Faut-il se surprendre que, dans un sondage mené à travers le Canada, une personne sur 10 estime que Mulroney dit la vérité sur sa relation d’affaires avec le marchand d’armes Karlheinz Schreiber ? À l’inverse, trois personnes sur dix ont tendance à croire en la version de l’homme d’affaires germano-canadien, qui est recherché par la justice allemande pour corruption, fraude et évasion fiscale. Au Québec, quatre personnes sur 10 (38 pour cent) ne croient pas Schreiber. Pire encore, 60 pour cent d’entre elles n’accordent pas leur confiance à M. Mulroney (sondage Harris/Décima La Presse Canadienne).

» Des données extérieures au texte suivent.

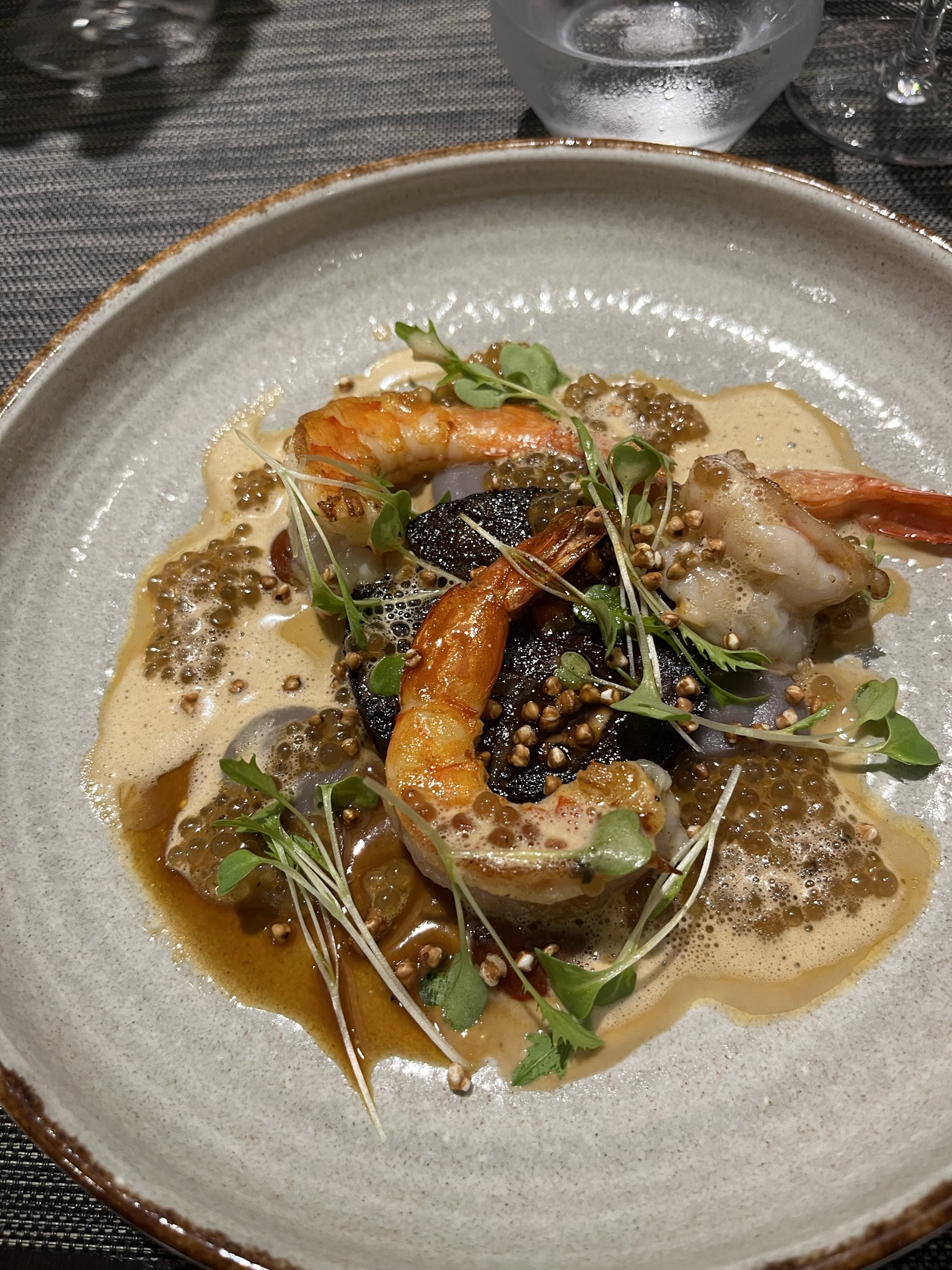 We both chose the boudin and gambas starter, with a crème de crustacées and the sweetly-named “perles du japon” (i.e. tapioca). The main ingredients were perfectly cooked, but the star of the dish for me was the crustacean cream, an intensely-flavoured liquid that tripped happily around all the other flavours, balancing them out and enhancing them.
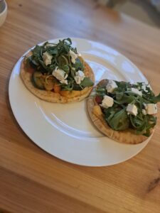 Pita broodjes met voorgesneden zomergroenten, provinciale kruiden, hummus (naar keuze), olijfolie, fetakaas, rucola, zout en peper. Pita broodje in de oven (aantal minuten en temperatuur staan op de verpakking), groentjes samen met de kruiden opbakken in de olijfolie. Als het broodje klaar is en de groentjes lekker bruin zijn, ben je al bijna klaar! Eerst nog even een lekkere, dikke laag hummus op het broodje, groentjes erop en maak het af met de verkruimelde feta, wat rucola en misschien nog een klein snuffie zout en peper en/of een sprinkeltje olijfolie eroverheen voor de smaak en smullen maar! Mocht je een grote eter zijn dan kun je altijd nog rijst en/of zoete aardappelfrietjes erbij voegen.
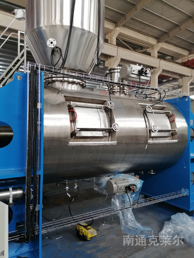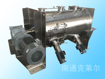犁刀混合機由圓筒體、傳動機構、犁刀、飛刀四部組成;工作時,犁刀做圓周運動,物料被犁刀刀面分流成兩個方向形成雙向物料流,與兩側犁刀分流過來的物料相互交叉形成對流,當物料流經高速飛刀時又被高速飛刀葉片剪切和拋灑,從而在較短時間內達到均勻混合。本機的混合精度高,混合時不產生離析,尤其對于容易團聚的物料,可以起到解聚和打散的作用。
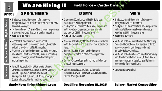 In a nutshell: Himont is looking for experienced pharmaceutical sales professionals, from representatives to managers, for its Cardio Division across Pakistan. A Life Sciences background and prior experience in a similar role are highly preferred.
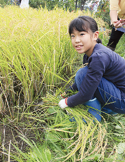 大倉山、新羽、新横浜地区などから約50人の子どもたちが集まり、稲刈り。しゃがみ込むと自分たちよりも背の高い稲穂の中で、懸命に刈っていた。収穫量は約70キロ。11月末に脱穀し、来年2月のもちつき大会などで使用するという。
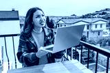 Young frustrated woman working remotely on laptop, squinting from weak signal and sunlight glare on screen
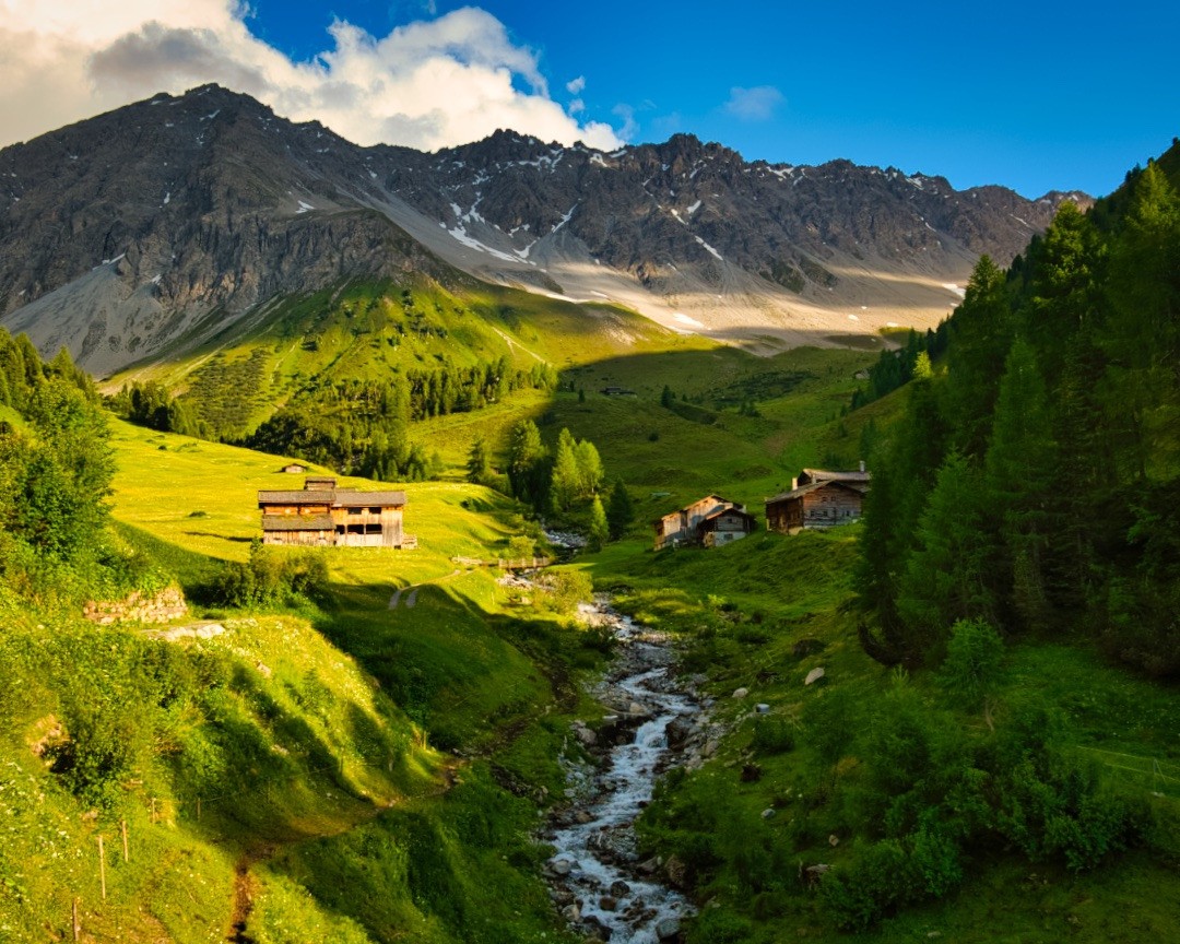 Von Davos Monstein wandern wir auf einer Alpstrasse zu den Inner-, Unter- und Mitteralpen und weiter zum Maiensäss am Maschenboden (Brunnen, «Kiosk» mit Alpprodukten).
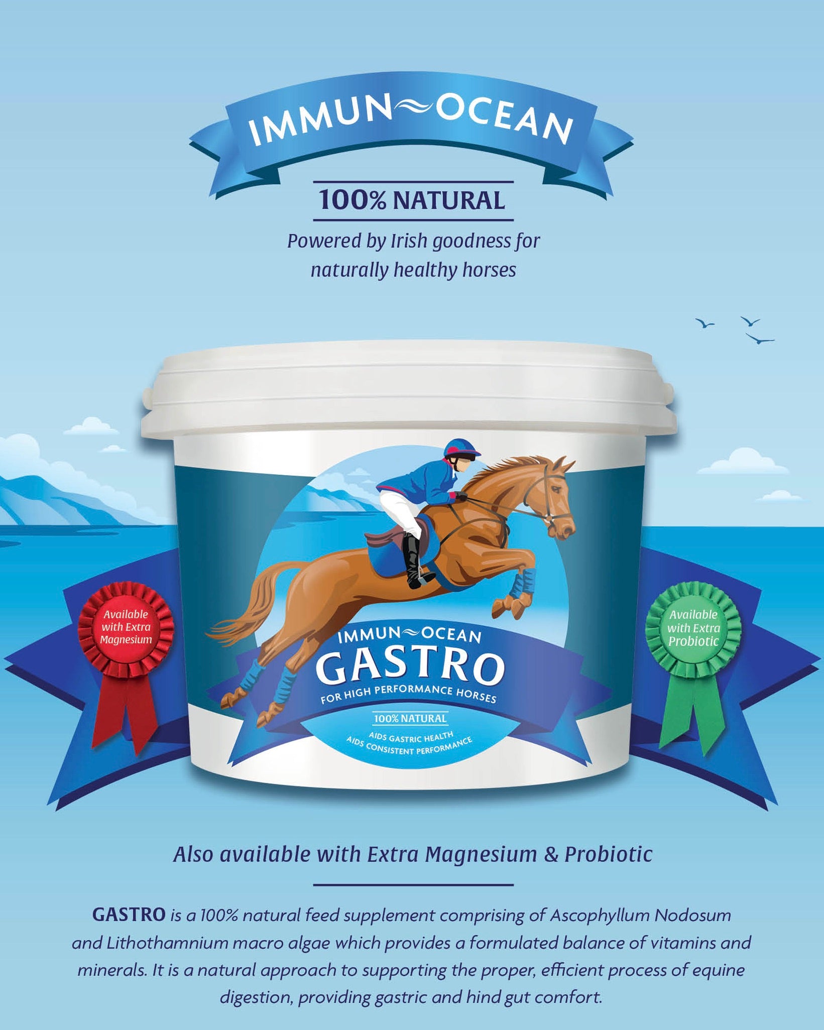 Immun-Ocean GASTRO EXTRA PROBIOTIC is a daily multifactorial, all natural performance supplement expertly formulated to support the digestive health of high performance horses and breeding stock with on going gastric issues. Made from Ascophyllum Nodosum and Lithothamnium, it delivers a perfectly balanced combination of essential vitamins and minerals. This natural blend promotes efficient digestion, ensuring both gastric and hind gut comfort.
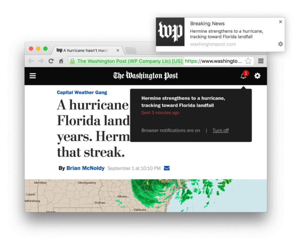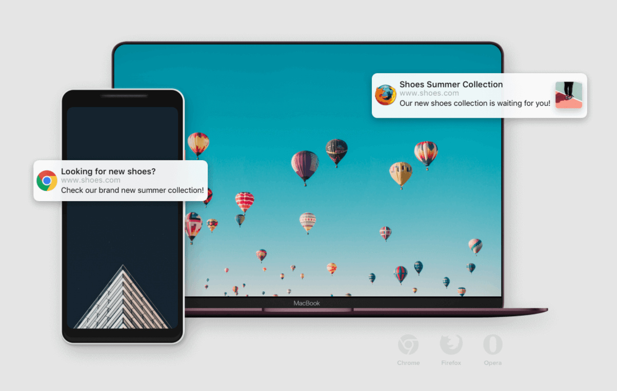 Las notificaciones web push funcionan en cualquier dispositivo que ejecute un navegador compatible, ya sea una PC o una Mac.
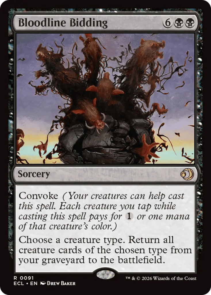 If we are leaning more to a sacrifice strategy and have a good number of Goblins in our graveyard and a decent number of creatures in play then we can also play Bloodline Bidding, which let’s us choose a creature type and then return all creature cards of the chosen type from our graveyard onto the battlefield.
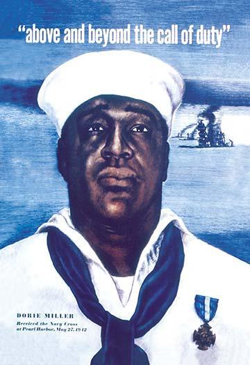 20inch x 30inch Poster "Above and Beyond the Call of Duty -- Dorie Miller." Although the Navy was still segregated, Doris ("Dorie") Miller joined the Navy as a messman and was on board the U.S.S. West Virginia during the 7 December 1941 attack on Pearl Harbor. Messmen received no gunnery training, but during the attack, at great personal risk, Miller took over a weapon after another man was wounded and succeeded in hitting Japanese planes. He was later awarded the Navy Cross for his heroic deeds. This poster was produced by the US Government as part of a campaign to reconcile racial tensions for the good of the war effort. There is a border around the image. The image size is correct.
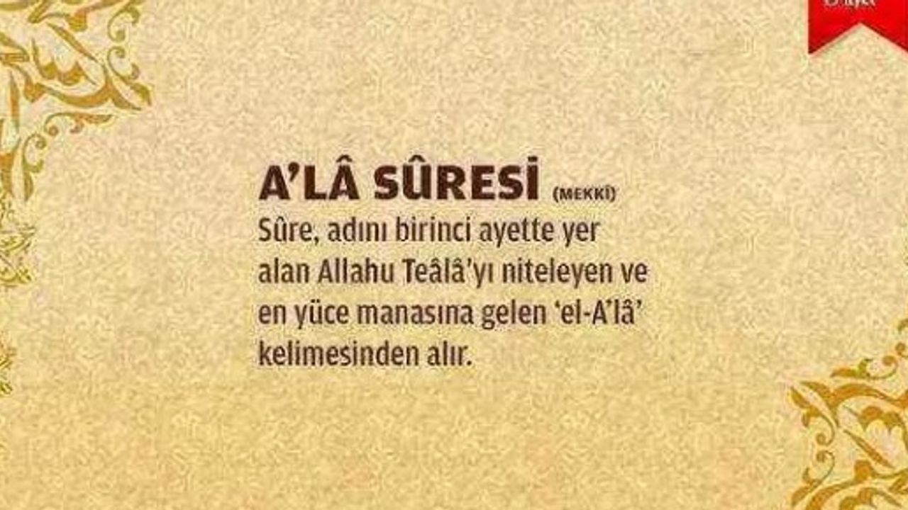 A'la sûresi, Mekke-i mükerremede nazil oldu (indi). On dokuz ayet-i kerîmedir. Birinci ayet-i kerîmedeki (en yüce) manasına gelen "A'la" kelimesi sûreye isim olmuştur. Sûrede, Allahü tealanın her türlü noksanlıklardan tenzîh edilmesi, uzak tutulması, Resûllulah'ın nasîhatlarından kimlerin faydalanıp kurtulacağı, kimlerin de istifade edemeyip, azaba uğrayacağı, insanların dünya hayatını tercih ettikleri halbuki ahiretin dünyadan daha hayırlı olduğu, çünkü dünyanın geçici, ahiretin ise devamlı old uğu ve daha başka hususlar bildirilmektedir.
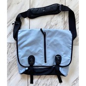 表面はナイロンポリの水色とグレーの混ざった様なアイスグレー 裏地(バックを覆う部分)はpvc系の完全防水仕様
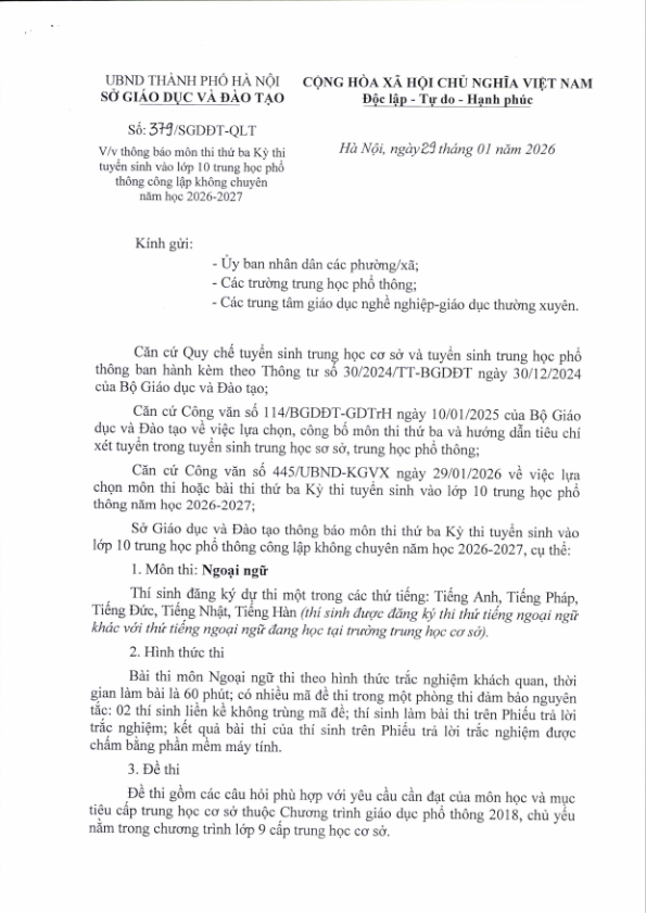 Hà Nội thông báo môn thi thứ ba Kỳ thi tuyển sinh vào lớp 10 THPT công lập không chuyên năm học 2026-2027
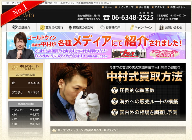 TV、雑誌等のメディアで話題の有名な鑑定士が丁寧に査定してくれるGold Win(ゴールドウィン)。
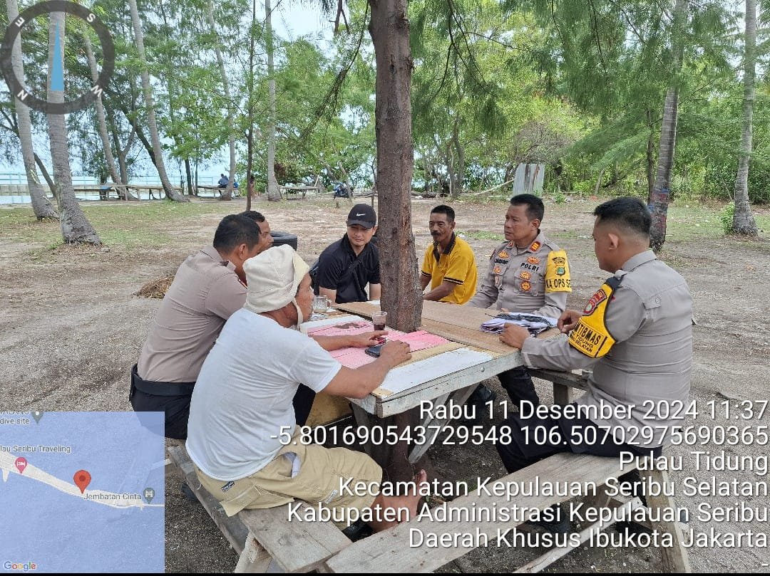 refubliknews.com,- Jakarta – Kapolsek Kepulauan Seribu Selatan, Polres Kepulauan Seribu, AKP Sanyata Harsono bersama Bhabinkamtibmas Pulau Tidung melaksanakan kegiatan Cooling System di Pulau Tidung, Kamis (12/12/2024). Kegiatan ini bertujuan untuk menjaga situasi yang kondusif pasca penyelenggaraan Pilkada DKI Jakarta 2024.

En novembre 2007, l’ex-premier ministre, Brian Mulroney, déclarait : « J’en suis venu à la conclusion que pour régler cette question et exposer tous les faits et le rôle joué par toutes les personnes impliquées, des fonctionnaires aux responsables élus, des lobbyistes aux autorités policières, ainsi que les journalistes, la seule solution pour le gouvernement est de lancer une commission d’enquête publique en bonne et due forme ». En décembre 2007, le même ex-premier ministre déclare maintenant : « J’ai demandé (l’enquête) pour démontrer mon innocence (…) mon innocence complète. J’ai demandé une commission d’enquête royale sur cela. Mais lorsque vous regardez ce qui est arrivé maintenant, les preuves que vous avez (…) Je crois qu’il est clair que nous avons une situation bien différente sur les bras ». Il n’y aurait plus de nécessité de tenir une telle commission d’enquête.

Un éditorialiste du Soleil de Québec écrit : « Les explications alambiquées ne suffisent pas. Et c’est bien dommage, car Brian Mulroney a été un très grand premier ministre canadien, tout particulièrement par sa détermination sincère de ramener les Québécois dans le giron constitutionnel dans l’honneur et l’enthousiasme. Mais l’homme d’État a malheureusement et irrémédiablement entaché son impressionnante feuille de route avec ses gros billets échangés dans des contextes douteux ».

Il convient de donner la parole aux Anciens : « Donnez tout pouvoir à l’homme le plus vertueux qui soit, vous le verrez bientôt changer d’attitude » (Hérodote).